* **What is needed**
Working from the records below, return word for word the line that contains "(서울=포커스뉴스) 박지원(왼쪽) 국민의당" and each line after it, ending with the last. Skip all pictures.

::::::

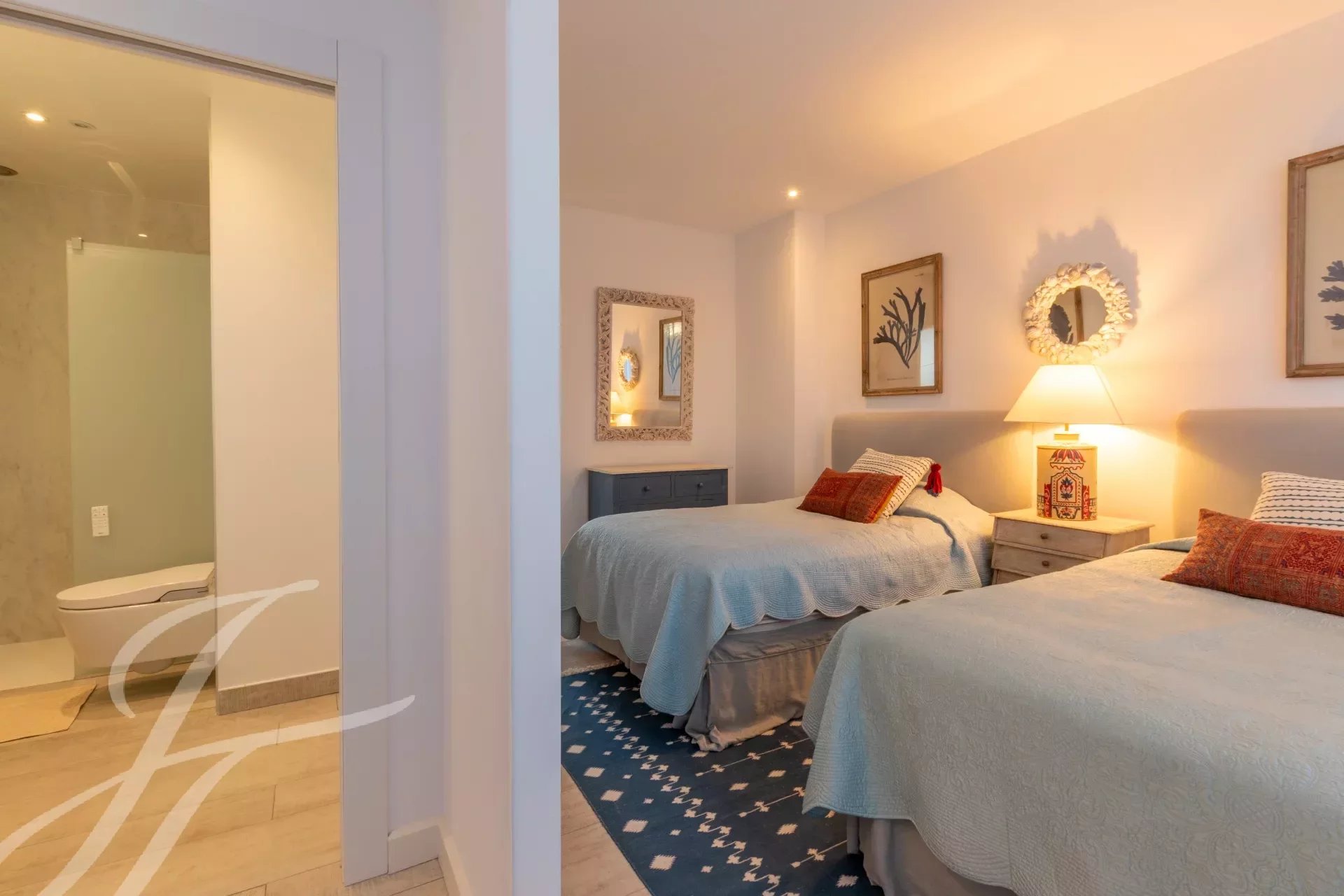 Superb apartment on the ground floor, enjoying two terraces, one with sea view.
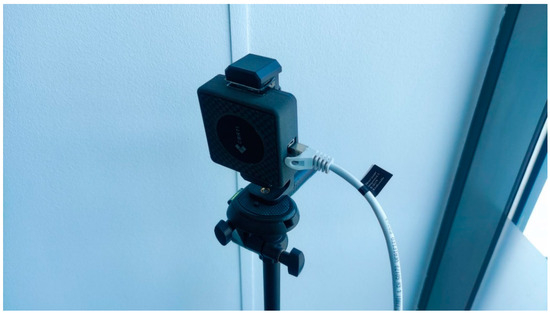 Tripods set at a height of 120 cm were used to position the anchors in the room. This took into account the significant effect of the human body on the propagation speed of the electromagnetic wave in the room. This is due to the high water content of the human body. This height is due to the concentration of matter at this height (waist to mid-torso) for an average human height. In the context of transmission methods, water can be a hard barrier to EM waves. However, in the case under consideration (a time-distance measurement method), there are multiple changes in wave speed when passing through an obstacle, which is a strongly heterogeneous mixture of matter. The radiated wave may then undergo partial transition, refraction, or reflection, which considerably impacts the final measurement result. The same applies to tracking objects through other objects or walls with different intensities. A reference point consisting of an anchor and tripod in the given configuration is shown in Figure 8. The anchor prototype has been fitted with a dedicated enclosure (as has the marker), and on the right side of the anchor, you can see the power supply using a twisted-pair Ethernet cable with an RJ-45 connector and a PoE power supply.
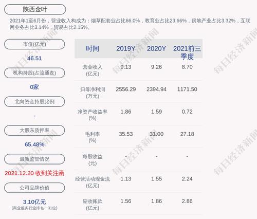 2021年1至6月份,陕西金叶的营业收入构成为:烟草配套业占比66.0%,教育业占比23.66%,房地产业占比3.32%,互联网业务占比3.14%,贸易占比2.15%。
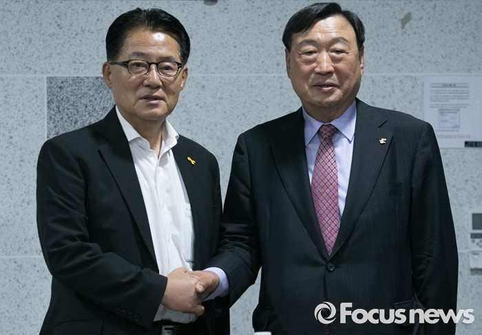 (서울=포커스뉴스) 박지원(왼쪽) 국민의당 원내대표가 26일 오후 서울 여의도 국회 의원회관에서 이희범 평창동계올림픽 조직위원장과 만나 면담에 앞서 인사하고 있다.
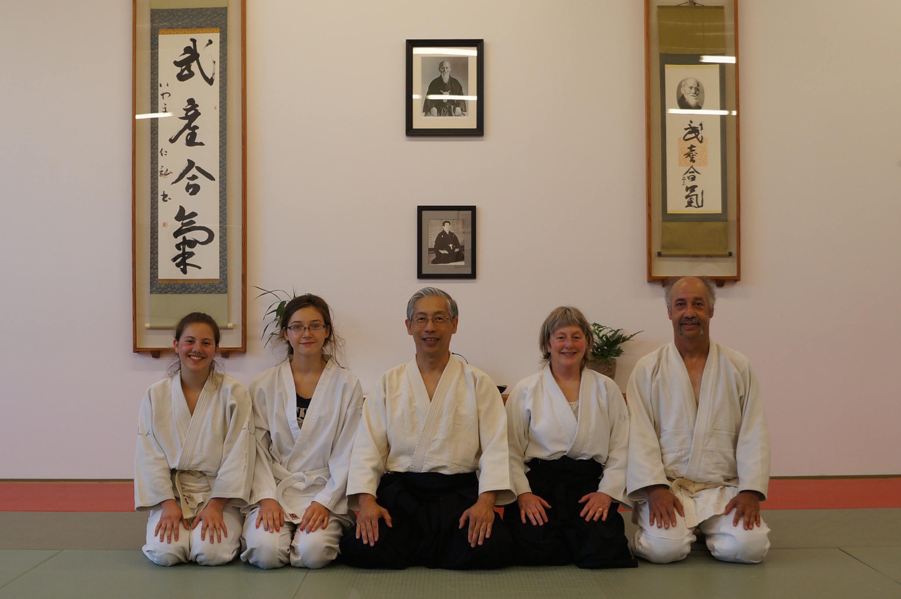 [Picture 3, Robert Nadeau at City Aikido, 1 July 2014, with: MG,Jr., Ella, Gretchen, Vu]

::::::

* **Solution to this task**
 (서울=포커스뉴스) 박지원(왼쪽) 국민의당 원내대표가 26일 오후 서울 여의도 국회 의원회관에서 이희범 평창동계올림픽 조직위원장과 만나 면담에 앞서 인사하고 있다.
 [Picture 3, Robert Nadeau at City Aikido, 1 July 2014, with: MG,Jr., Ella, Gretchen, Vu]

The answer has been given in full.